__Activity__: Once the pictures are set aside, copy the records below exactly as they stand.

*** The input ***

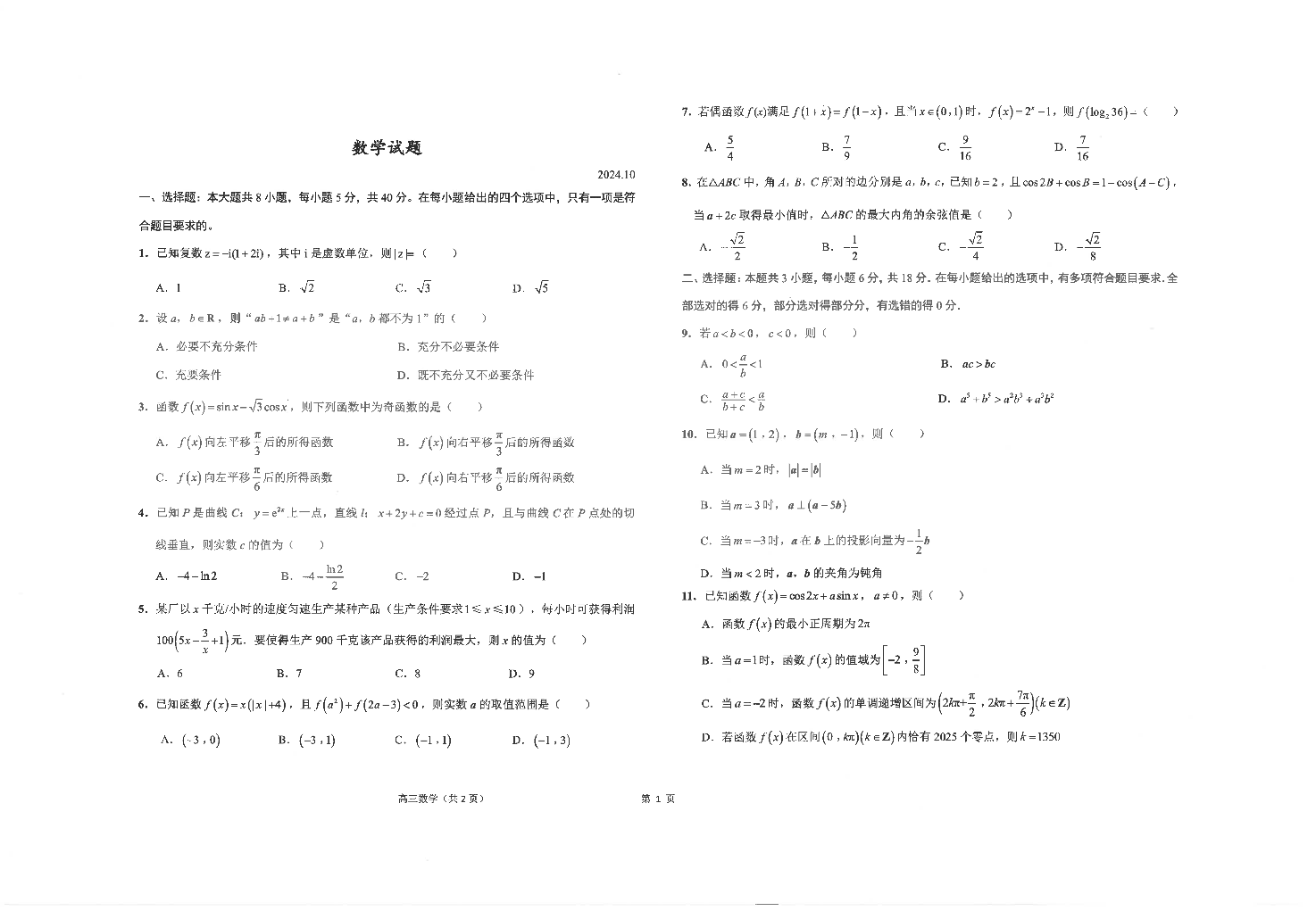 江苏省海安高级中学2025届高三上学期10月月考+数学
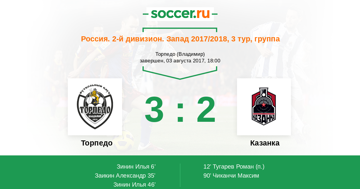 Протокол матча Торпедо против Казанка
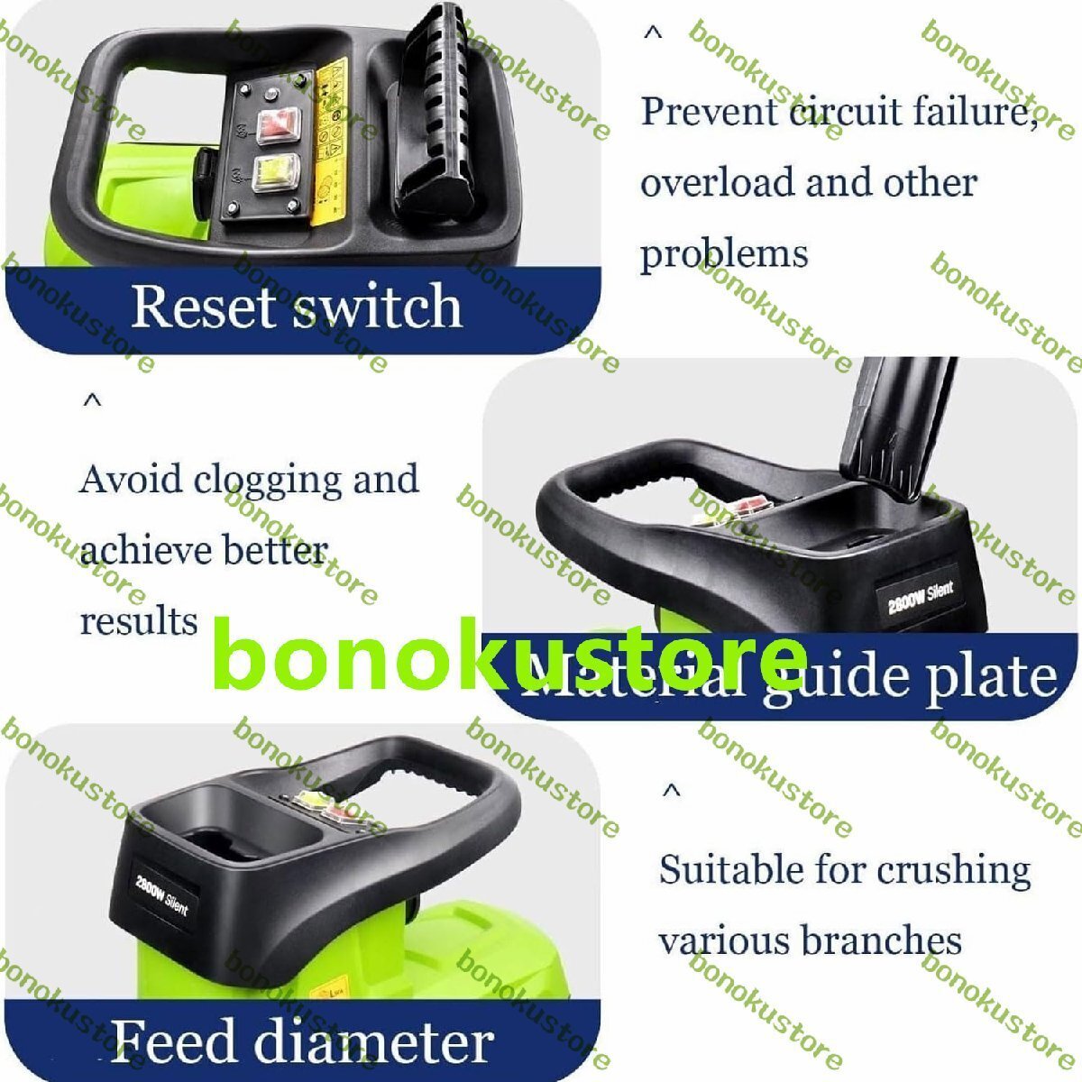 効率的:ガーデングラインダーには強力な2800W銅線モーターが装備されており、ステンレス鋼のマンガン鋼ブレードと組み合わせて、グラインダーは高い切断効率を提供でき、電動ナイフグラインダーは直径1.77インチまでの枝や低木を簡単に粉砕できます。
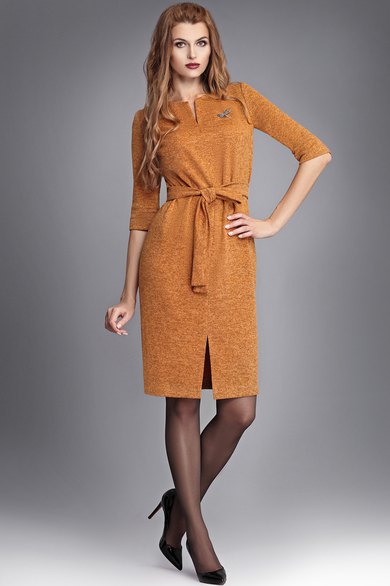 Трикотажное платье полуприталенного силуэта без подкладки с поясом, выполненным из основной ткани. Спереди разрез. Длина платья 104 см. Длина рукава 41 см.
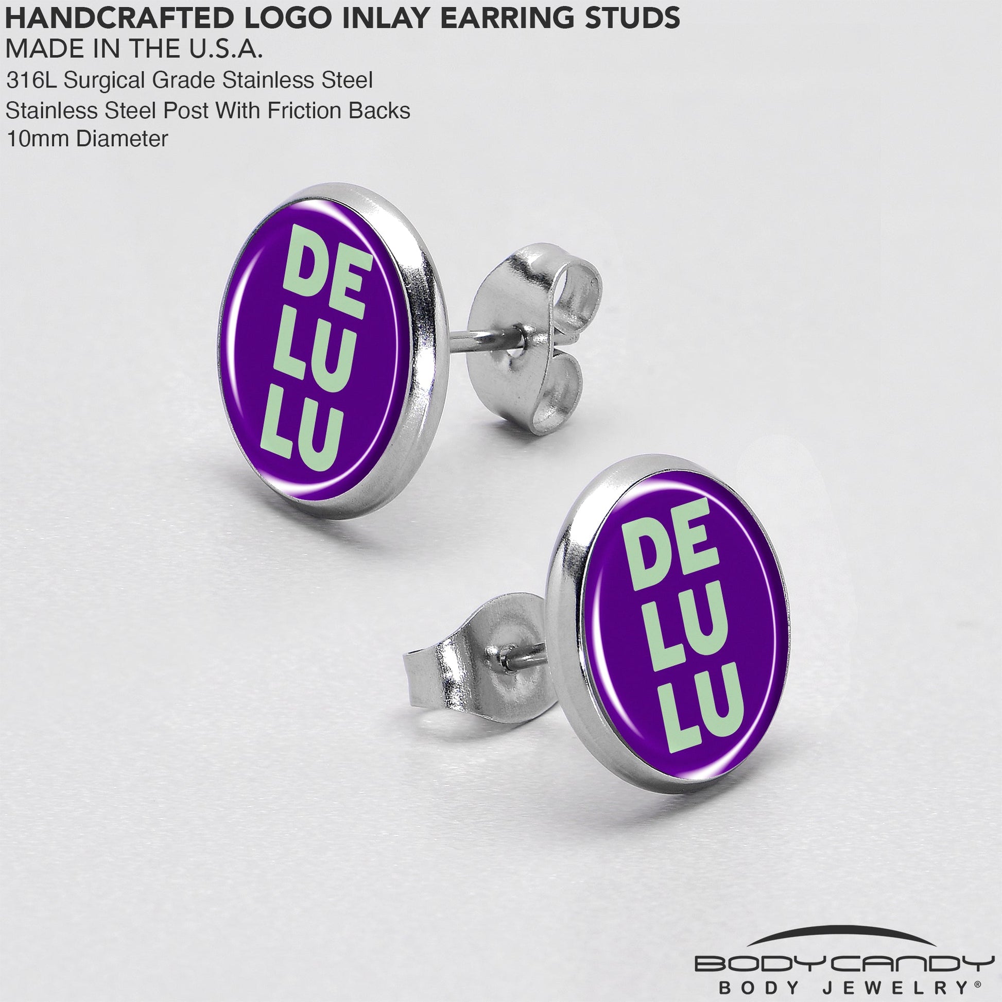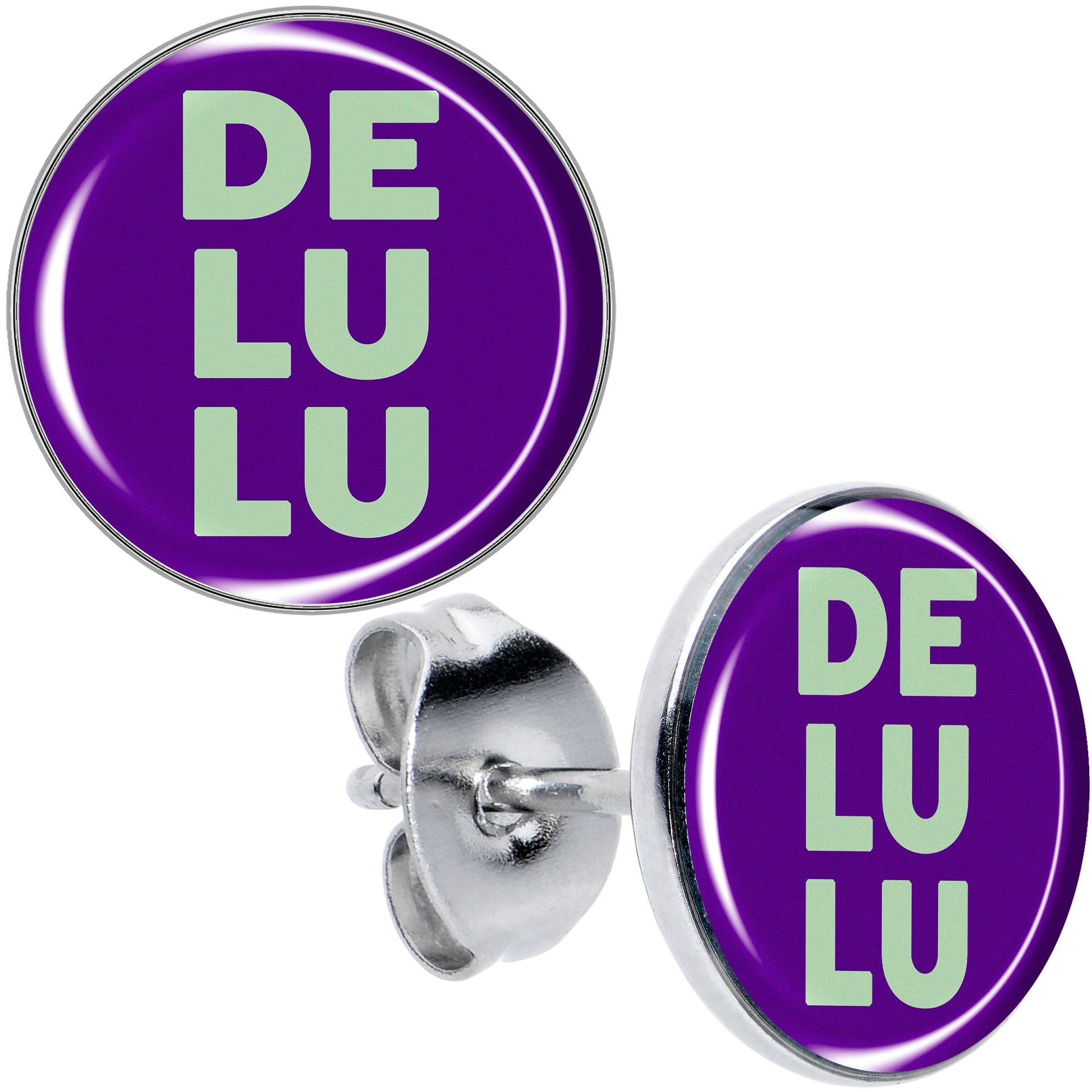 Get crazy stylish with these stud earrings for pierced lobes. They're made with stainless steel straight posts with friction backs for a secure fit. Each one features a purple disc charm with the word "delulu" written on it in green. You'll be crazy about the look of these striking earrings. Sold as a set of two.

*** End of The input ***

__Task output__:
 江苏省海安高级中学2025届高三上学期10月月考+数学
 Протокол матча Торпедо против Казанка
 効率的:ガーデングラインダーには強力な2800W銅線モーターが装備されており、ステンレス鋼のマンガン鋼ブレードと組み合わせて、グラインダーは高い切断効率を提供でき、電動ナイフグラインダーは直径1.77インチまでの枝や低木を簡単に粉砕できます。
 Трикотажное платье полуприталенного силуэта без подкладки с поясом, выполненным из основной ткани. Спереди разрез. Длина платья 104 см. Длина рукава 41 см.
 Get crazy stylish with these stud earrings for pierced lobes. They're made with stainless steel straight posts with friction backs for a secure fit. Each one features a purple disc charm with the word "delulu" written on it in green. You'll be crazy about the look of these striking earrings. Sold as a set of two.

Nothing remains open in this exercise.